Los Angeles firefighter Donn Thompson had a busy year in 2017. If his pay stubs are to be believed, he literally never stopped working.
Data obtained by Transparent California, a project of the Nevada Policy Research Institute, show that Thompson pulled down $300,000 in overtime pay during 2017, on top of his $92,000 salary. Over the past four years, Thompson has earned more than $1 million in overtime, according to Transparent California's database. Thompson's ability to work so many hours "boggles the mind," says Robert Fellner, director of research at the institute.

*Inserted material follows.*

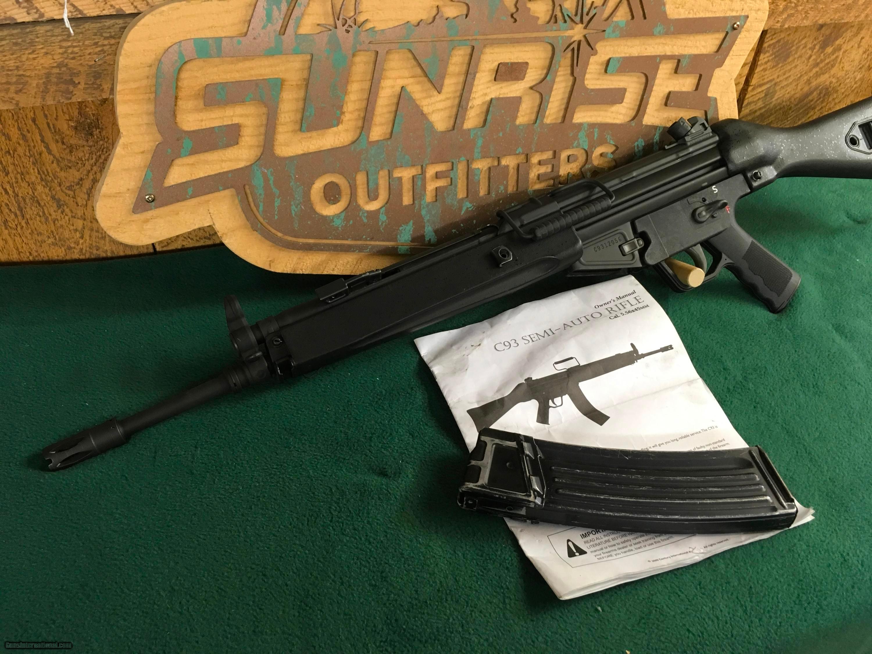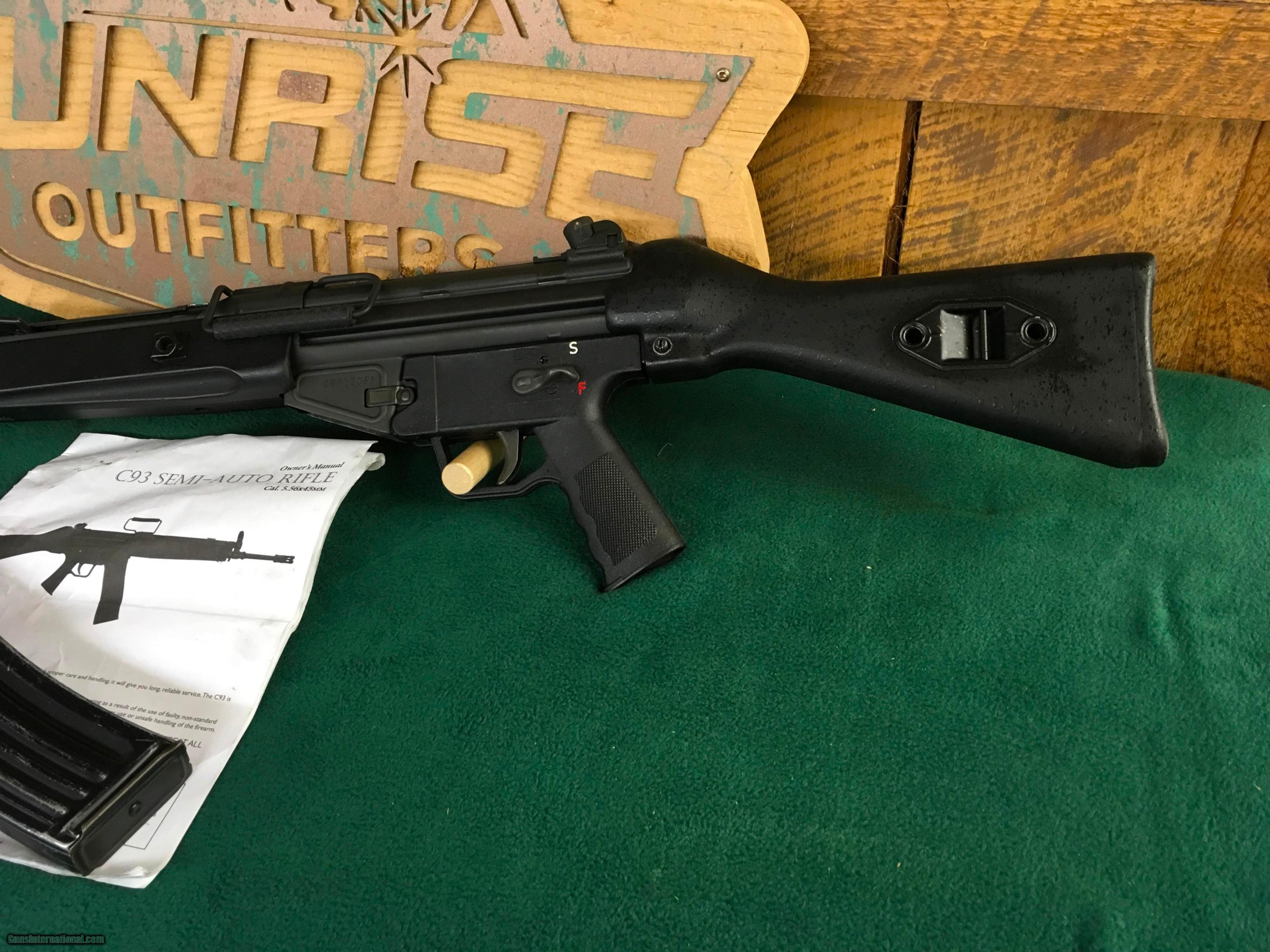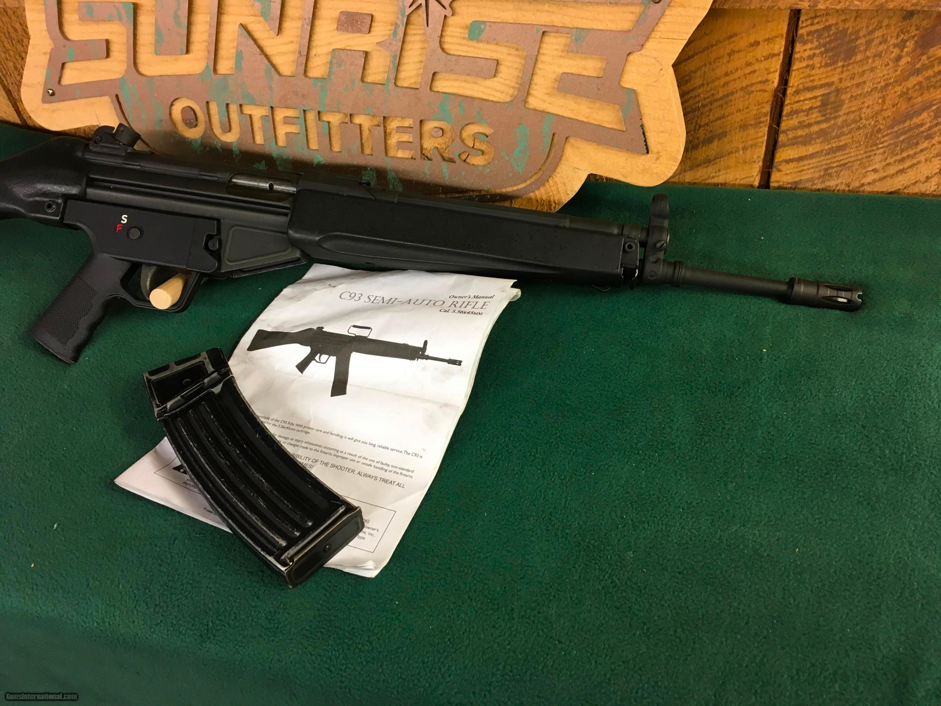 Description: Century Arms C93 Sporter in .223 caliber. It is my understanding these guns were bought and shipped to the U.S, where U.S made trigger groups were installed. This qualifies them as having enough U.S parts so they can be sold here. This is nothing but a HK93 only in semi automatic form. The condition is very good to excellent. Comes with a HK 40 round mag and owners manual. Good buy! SOLD |

To earn that much in overtime pay, Thompson would have had to work more hours than actually exist in a single year. Either the highly paid firefighter found a way to stretch the space-time continuum or something fishy is going on.
Here's how the math breaks down. Thompson, like all firefighters in Los Angeles, works 2,912 hours every year. With a base salary of $92,000, that comes to an hourly rate of $31.60. That means Thompson would earn overtime pay at a rate of $47.40 per hour—that's one and a half times the base rate. But earning $302,000 at a rate of $47.40 per hour would require working more than 6,370 hours. Add that to the 2,912 hours he worked as a salaried employee, and you get more than 9,280 hours worked, despite the fact that there are only 8,760 hours in a year.
Thompson is probably taking advantage of contract provisions that boost overtime pay above the typical rate, says Fellner, though it's unclear for now how that affects the calculations. (Transparent California is awaiting more payroll data from the fire department.)
Cashing in on the Los Angeles Fire Department's generous overtime rules is nothing new for Thompson, who might very well be the highest paid firefighter in American history. A 1996 Los Angeles Times story highlighted Thompson as a prime example of what the paper called "paycheck generosity" at the department. From 1993 through 1995, the Times found, Thompson made $219,649 in overtime pay. At the time, the department was spending more than $58 million annually on overtime, an amount the paper called "budget-wrenching"; it far surpassed what fire departments in other big cities were paying. The Fire Department of New York, for example, at the time paid about a third as much in overtime.
In 2009, when the Los Angeles Daily News reported that the L.A. fire department's overtime budget had grown by more than 60 percent in a decade, Thompson was once again riding high. He had earned "$173,335 in overtime in addition to his nearly $100,000 base salary while working at Fire Station 19 on Sunset Boulevard in Brentwood," the paper reported, citing 2008 figures.
In 2014, when the San Diego Union-Tribune featured Thompson in a story about runaway overtime costs at California fire departments, he told the paper that he "basically lived at the station" and didn't go home very often.
"The first thing [people] think of is firefighters sitting around at the station, but they're not just handing out free money over here," Thompson said. "I'm working hard."
The Los Angeles Times found quite the opposite when it investigated overtime. In the 1996 article, the Times said most overtime hours are not connected to "fires or other emergencies. Instead, most of it goes for replacing those who are out because of vacations, holidays, injuries, training, illnesses or personal leaves."
While Thompson's payouts are certainly eye-popping, he's hardly the only firefighter in L.A. reaping huge taxpayer-funded earnings. During 2017, the Los Angeles Fire Department had 512 employees who cashed in with at least $100,000 in overtime pay, according to Transparent California. That's a tenfold increase over the 51 employees who got six-figure overtime pay as recently as 2012. Thompson was one of 26 employees to get at least $200,000 in overtime pay last year, when the department reported spending $198 million on overtime pay—a 74 percent increase since 2012.
Perhaps the only silver lining for the taxpayers is the fact that overtime pay can no longer be factored into pension benefits, a consequence of a 2012 pension reform bill signed by Gov. Jerry Brown. It is perhaps not surprising that a dramatic increase in overtime payouts began the same year Brown signed that bill.